I ported a 3D pose detection demo into a Babylon Playground. The pre-trained model uses MediaPipe. The detector takes images from your webcam as input and then returns an array of landmarks with x,y,z coordinates with a confidence score. I massaged these points a bit and draw red or green boxes for each landmark to distinguish left from right. Then I use the detector’s confidence score to set the box visibility. To have your whole body fit in the video, you have to stand pretty far back.
I’m wondering if I can get some form of pose estimation just from the WebXR head and hand locations. For example, take the data that is streaming out of the webcam → pose detector, while simultaneously recording head and hand controller positions from WebXR, then train a model that uses the controllers as input (x) and the pose detection output data as the supervised output (y).

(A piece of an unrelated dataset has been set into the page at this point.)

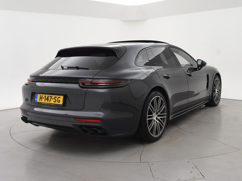 Origineel Nederlandse auto door Porsche Centrum Gelderland geleverd, RDW nieuwprijs 259.939 euro, Sport Turismo, BTW verrekenbaar, Vulkaangrijs metallic, 4.0 V8 Turbo S E-Hybrid 680 PK origineel vanaf fabriek met vierwielaandrijving, Keramische remmen Porsche Ceramic Composite Brake, Zwart volledig leder interieur: sportstoelen met 18-voudige verstelling, Alle dashboard delen van leder niet alleen het dashboard maar zelfs de stoelbehuizing, zijkant van het dashboard en verder alle delen die leder kunnen. 5-persoons uitvoering, Burmester High End audio, Stoelventilatie, Stoelverwarming voor + achter, Sportuitlaat origineel vanaf fabriek met regelbare kleppen, Luchtvering, Adaptief onderstel met regelbare schokdempers, Achterasbesturing, Panorama schuif/kanteldak, 360 graden camerasysteem, 21 inch lichtmetalen velgen, Matrix LED koplampen, 4-zone climate control, Navigatie breedbeeld + Apple Carplay en Android Auto, Head-up display, HomeLink garagedeur opener, DAB+ Digitale radio, Elektrische achterklep, Comfort access keyless, Zwarte alcantara hemelkleding, Extra isolerend dubbel glas, Verkeersbordenherkenning, Lijnassistentie, Adaptive cruise control, Dodehoek assistentie, File assisatent Privacy glass, Sport Chrono pakket, Gele remklauwen, Verlichte speakerkappen, Sluitbekrachtiging Soft Close portieren, Carbon interieur inleg.

One immediate obstacle I see is “normalizing” these two sets of data so that they fit on top of each other. The raw data are in completely different “spaces” and orientations and scale. Does anyone have any expertise in this area?

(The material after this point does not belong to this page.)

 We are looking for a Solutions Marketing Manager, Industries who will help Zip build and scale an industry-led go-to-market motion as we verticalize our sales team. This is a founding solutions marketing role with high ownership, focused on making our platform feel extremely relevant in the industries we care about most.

the hand / controller data is being transposed by the underlying system, based on your current space (in XR). Babylon offers the viewer space (in the XR session manager), that you can use to get a “normalized” position of those (in world coordinates). Those will not change even if the user teleports itself somewhere else. You will, however, need to move them to the right position if you want to change the position in which they are rendered.